Surveys can be deployed at several points in the user experience:
- On the purchase or sign-up confirmation page.
- As a discreet sidebar prompt while a user is browsing (potentially with an incentive like a coupon code).
- As an exit-intent pop-up when a user is leaving the site.
Confirmation survey page
Not every user will complete a survey, and some may select answers at random. Even so, the aggregated results provide a useful reference point when compared against attribution and traffic source data.
Coupons
Coupons have been a staple of offline marketing for decades, and they remain one of the more reliable methods for attributing conversions to specific offline channels — often with better accuracy than model-based approaches.
They work particularly well with direct mail and printed advertising materials.

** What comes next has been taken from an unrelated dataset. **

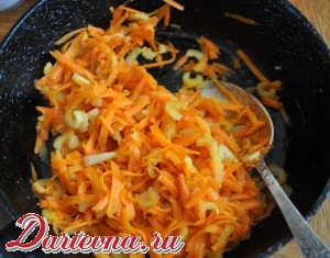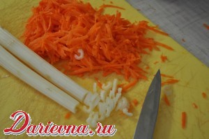 Морковь натираем на средней терке, сельдерей нарезаем полумесяцами.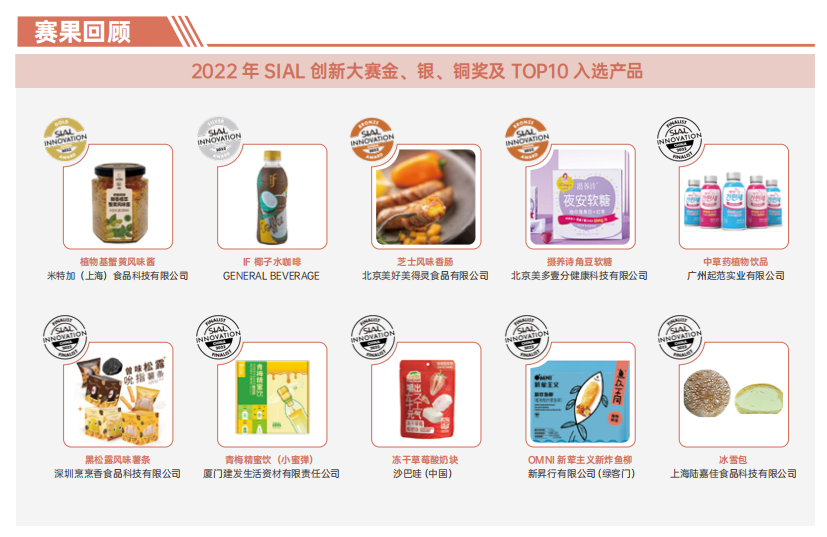 植物蟹黄酱、椰子口味咖啡、奶酪猪肉肠、芥末海苔雪糕、乳铁蛋白水、植物切片牛肉、鲜花脆、固体枇杷膏、无醇啤酒果醋……,过去的比赛中,SIAL 创新大赛放眼全球,从愉悦、健康、保健、便捷、环保五大维度出发通过关注产品本身,将一批符合市场需求的真正的创新食品和饮品带入到大众的视野。

Issuing unique coupon codes per campaign — and where feasible, per individual recipient — improves attribution precision considerably.
Zip/Postal Codes
Collecting postal codes from online customers can support attribution for offline campaigns such as direct mail and OOH advertising. If a significant concentration of conversions originates from a postal code that was heavily targeted by an offline campaign, that correlation can serve as a soft signal.
This method is inherently imprecise — it cannot confirm that a specific individual was influenced by the campaign — but it can add context when used alongside other attribution methods. It is most applicable to e-commerce businesses or retailers with both physical and online stores, since postal codes are naturally collected during checkout.

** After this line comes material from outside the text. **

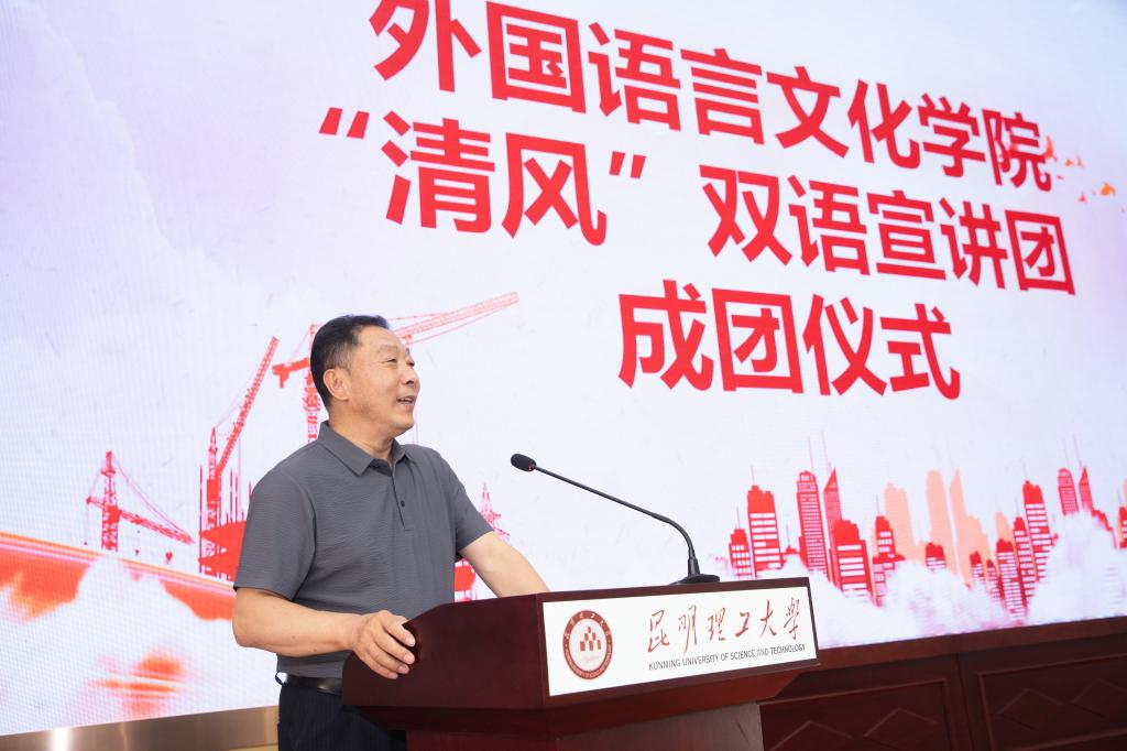 陶光荣为“清风”双语宣讲团授旗并发表讲话。陶光荣指出,“清风”双语宣讲团的成立,是落实“清廉学校”建设、加强“不想腐”建设的重要举措,对于落实立德树人任务有重要意义。

Online-to-Offline Attribution
Attribution also runs in the other direction: connecting online ad activity — such as ad views and clicks — to purchases that happen in a physical store.
Beacons
Beacons are Bluetooth-enabled devices that transmit signals to and from nearby mobile devices such as smartphones and tablets. When placed in brick-and-mortar stores, they can send push notifications to devices within a certain radius and collect device-level data. This data can then be used to link online ad activity — such as mobile app engagement or ad clicks — to in-store visits and purchases.

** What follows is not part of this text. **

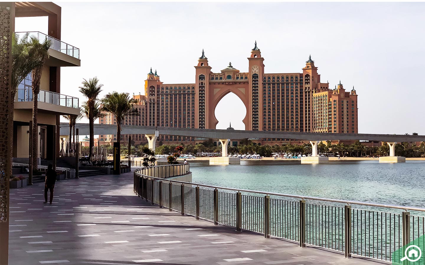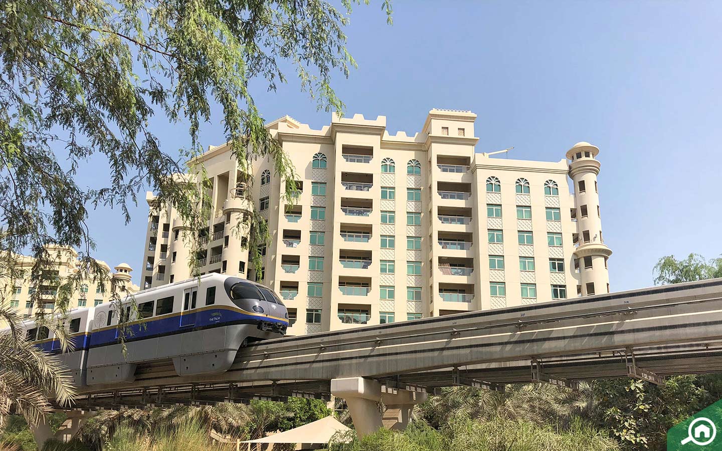 تزخر الجزيرة بالمنتجعات المصنفة 5 نجوم والتي يسهل الوصول إليها في غضون دقائق قليلة من المجمع السكني، وتشمل سوفيتيل بالم دبي ريزورت أند سبا وفيرمونت النخلة المعروف أيضاً باسم فيرمونت ذا بالم وغيرها العديد.

Zip/Postal Codes at Point of Sale
Just as postal codes can be used to connect offline ads to online conversions, the process works in reverse as well. Collecting postal codes at the point of sale allows advertisers to cross-reference in-store customer locations with the geo-targeting parameters of online campaigns.
As with the offline version of this approach, accuracy is limited. It is best treated as a supplementary signal rather than a standalone attribution method.
The Multi-Device Consumer Journey and the Measurement Challenges It Creates
In the early years of online advertising, the customer journey typically unfolded on a single device — predominantly a desktop or laptop computer.
Today's consumers use a broad range of Internet-enabled devices, moving fluidly between discovering products on social media via a laptop, searching for deals on a tablet, and reading emails on a smartphone.

Global device usage between mobile devices (e.g. smartphones), desktops/laptops, and tablets.
Source: StatCounter GlobalStats
This multi-device behaviour has given rise to the cross-device customer journey. When combined with the overlap between online and offline advertising activity, it becomes clear why complete attribution remains one of the harder problems in digital advertising.
Attribution tools, analytics platforms, and data platforms like DMPs and CDPs can help advertisers connect impressions and clicks to conversions across channels and devices. However, the growing number of privacy changes in web browsers and mobile operating systems is making it progressively harder to collect the data these attribution methods depend on.
Attribution is a critical component of improving campaign effectiveness. Getting it right — or at least getting it materially better — requires understanding both the models available and the underlying mechanisms by which user identity and behaviour are tracked across an increasingly fragmented digital landscape.